I knew I had to snag a Sirius radio at some point before Stern starts in January. But in the middle of a pilgrimage to Target yesterday, I saw a plug-and-play unit (easily portable for car and home use) on sale at a remarkably low price, so I talked myself into it and made the grab.

"Merry Christmas to me, two months early," I thought. And it was a fitting "Me" gift -- I've always loved radio more, as it were, in terms of media. Having done enough TV to know, I cherish radio because it allows for a clearer train of thought, there's a greater intimacy as you're reaching people in their cars, in their kitchens, bedrooms and not just in their living rooms, and because it's almost a more sensual form. With TV, nothing's left to the imagination and you're getting a virtual deluge. With radio, it's all in what you say, how you say it, inflections, tinctures.... Sorry, I was waxing a bit romantic just there.

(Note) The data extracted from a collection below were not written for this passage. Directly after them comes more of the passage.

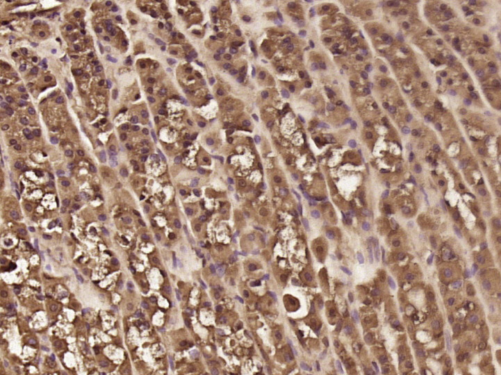 Paraformaldehyde-fixed, paraffin embedded (rat stomach tissue); Antigen retrieval by boiling in sodium citrate buffer (pH6.0) for 15min; Block endogenous peroxidase by 3% hydrogen peroxide for 20 minutes; Blocking buffer (normal goat serum) at 37°C for 30min; Antibody incubation with (PPP1R11) Polyclonal Antibody, Unconjugated (bs-19989R) at 1:400 overnight at 4°C, followed by operating according to SP Kit(Rabbit) (sp-0023) instructionsand DAB staining.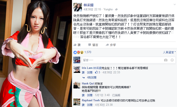 以模仿暢銷漫畫「海賊王」蛇姬一角一炮而紅的性感女星林采緹,近日在Facebook發文抱怨,表示接到電話行銷保險,但「什麼文件都沒簽名」,保單就通過開始扣款,讓她大感不滿,覺得還會有許多人因此「受騙」。到底電話行銷的合法程序為何,又投保過程中一個字都不用簽合理嗎?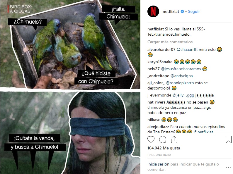 Y a través de la cuenta oficial de Latinoamérica, la plataforma de streaming subió un meme que mezcla lo mejor de dos mundos: Chimuelo y Bird Box, una de las películas más vistas en Netflix.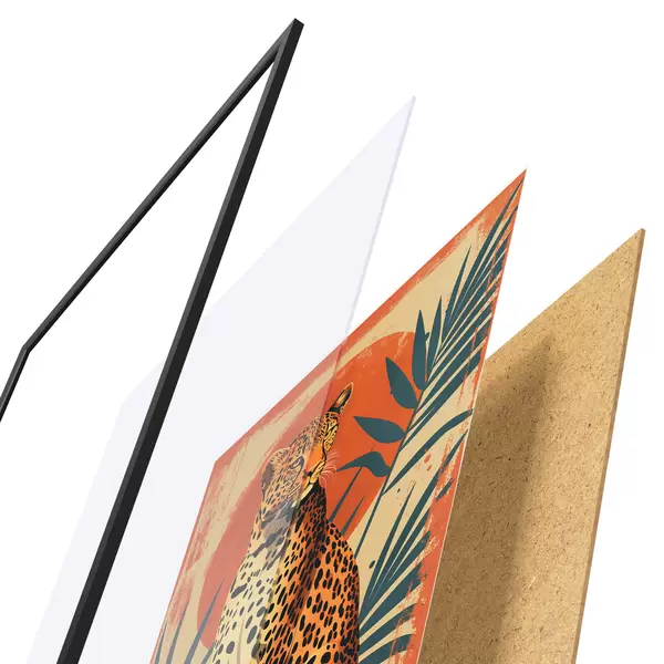 Plakatą sudaro rėmas, pleksiklas, atspausdintas vaizdas ir medžio drožlių plokštės pagrindas. Plakatą galima iš karto pakabinti ant sienos dėl kitoje pusėje esančių laikiklių.
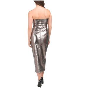 7 FOR ALL MANKIND Sexy Metallic Bustier Midi Faux Leather Strapless Party Dress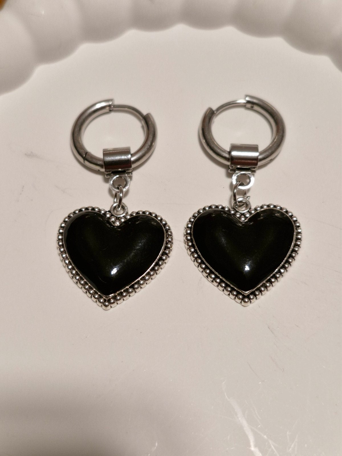 Ατσάλινα ασημί κρικάκια με κρεμαστές μεταλλικές καρδιές 2εκ.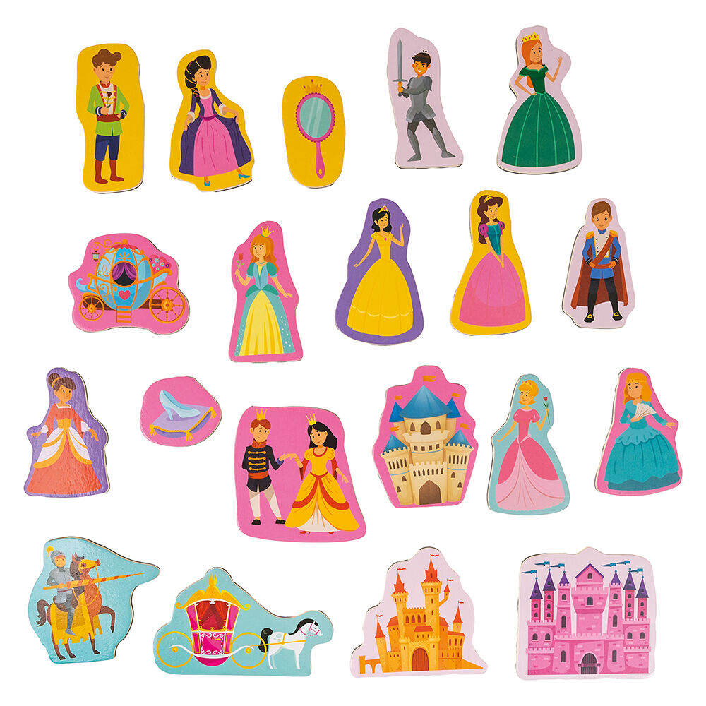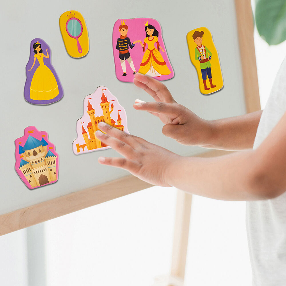 Τα παιδιά λατρεύουν τις πριγκίπισσες, τα κάστρα και τα παραμυθένια βασίλεια! Τα παιδιά επίσης λατρεύουν το παιχνίδι με τους μαγνήτες! 20 μαγικοί μαγνήτες σε μια πρακτική ξύλινη θήκη, περιμένουν το παιδί να τους ανακαλύψει και να φτιάξει με αυτούς τους δικούς του παραμυθένιους κόσμους. Πριγκίπισσες, ιππότες, παλάτια, άμαξες και πριγκιπικά αξεσουάρ θα δημιουργήσουν ένα παραμυθένιο περιβάλλον παιχνιδιού. Τοποθετήστε τους μαγνήτες σε οποιαδήποτε μαγνητική επιφάνεια και παίξτε παιχνίδια ρόλων και φαντασίας εντός ή εκτός σπιτιού.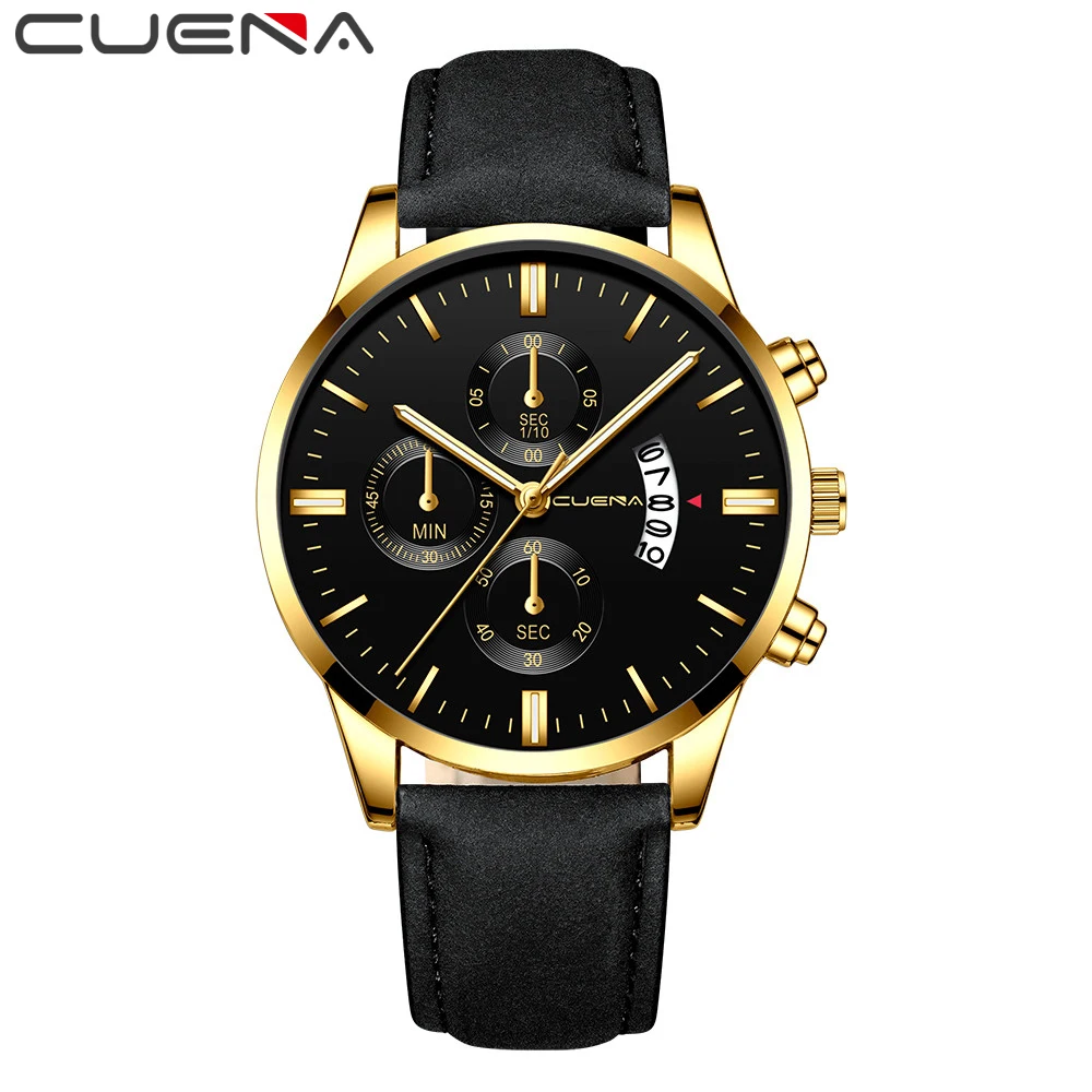 Модные мужские часы CUENA, часы из нержавеющей стали с кожаным реме...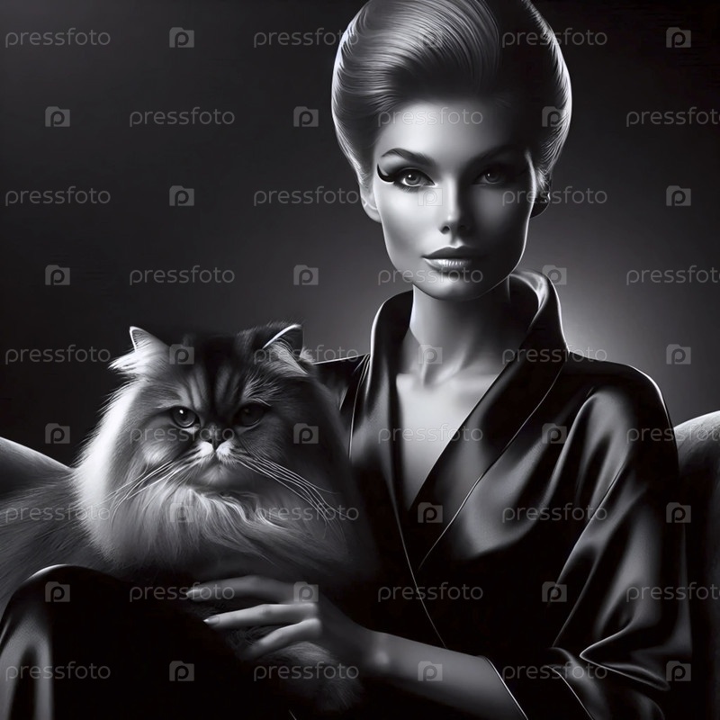 Гламурный портрет женщины со своей кошкой, Ai generated image

And, suffice it to say, I'm feeling like a junkie who just got his fix. Came home, toyed around with the unit, the antenna, activated it online, and it works like a charm -- I've actually kept it on NPR through the evening, flipping through the music channels when the talk got boring. No fancy speakers or anything either; I'm just using a spare set of cheap PC channels, but it sounds great, rich and clear. What's not to love about no commercials? And all the programming is really sterling stuff -- they've even got EWTN.

The latter wasn't a selling point for me, but it may be for some of you. Amy'll love that there's not just one, but two NPR channels... It is marvelous, indeed.

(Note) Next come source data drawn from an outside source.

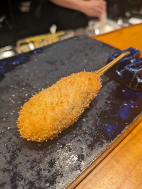 霧島三元豚の串揚げはしっかりとした食感と旨みを持ち、食べ応え抜群でした。豚肉の柔らかい美味しさが存分に引き出されており、カラシソースとの相性も良かったです。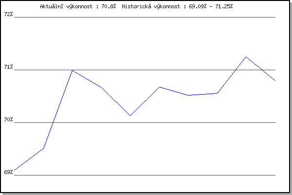 Závod| Body | Výkonnost | Změna | 17.11.2007 | 17.listopadu | 69.09% | 69.09% | | 15.3.2008 | Myslivna | 69.69% | 69.51% | +0.42% | 29.3.2008 | Cernohorsky soudek | 72.36% | 70.99% | +1.48% | 26.12.2008 | Syrovice | 70.05% | 70.67% | -0.32% | 21.3.2009 | Myslivna | 67.81% | 70.13% | -0.54% | 4.4.2009 | Cernohorsky soudek | 71.76% | 70.68% | +0.55% | 26.12.2009 | Syrovice | 70.03% | 70.52% | -0.16% | 21.3.2010 | Myslivna | 70.66% | 70.56% | +0.04% | 3.4.2010 | Cernohorsky soudek | 72.91% | 71.25% | +0.69% | 26.12.2010 | Syrovice | 66.90% | 70.80% | -0.45% | | |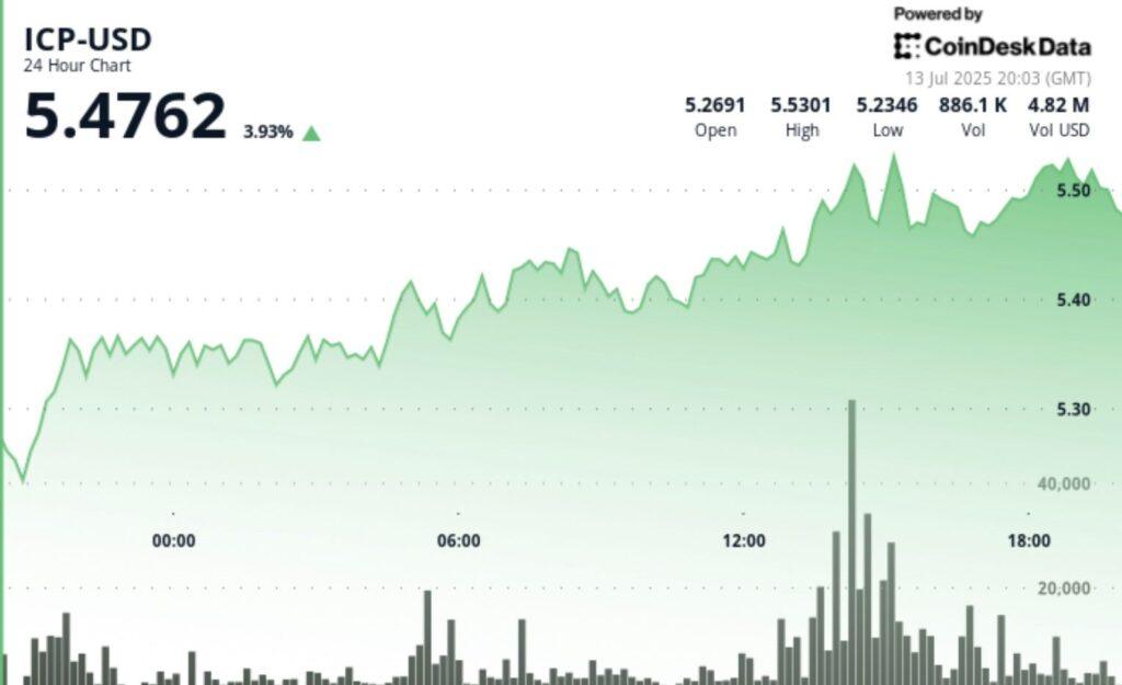 At the time of writing, ICP is about $ 5.48, an increase of 4% over the last 24-hour period, according to Coindesk Research’s technical analysis model.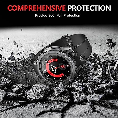 - 【التوافق】تم تصميم الجراب الصلب الخاص بنا مع شاشة حماية من الزجاج المقوى خصيصًا لساعة سامسونج جالاكسي ووتش برو 5 مقاس 45 ملم.

Salman Rushdie was on "Talk of the Nation" earlier, taking queries about fundamentalists, the Fatwa and his new book, and now it's a re-run of Radio Times featuring two Philly victims and more fall-out from the Grand Jury.

But for all of this, one "biggie" is missing.

I'd really love to have Vatican Radio on Sirius. Think about it -- Marconi's first transmission to Pius XI was seen as the birth of the medium. They need to be on satellite, it's the logical progression.

I know I'm read at Radio Vaticana, so cheers and Laudetur Iesus Christus to you and yours back there. But I'm eager to know if an idea of this kind been kicked around. The world needs 105 Live, the Latin Lover (bringing Reggie Foster to a wider audience would be God's gift), etc. -- and, at least here in the States, satellite's quickly becoming radio's center of gravity. It'd definitely be worth a shot.

As Dr. Bono's voice (singing "One Step Closer") pours forth from my new toy, you don't need me to remind you of how EWTN cannot and will never approach the professional excellence and true Catholicity of Radio Vaticana. Experience has proven this enough.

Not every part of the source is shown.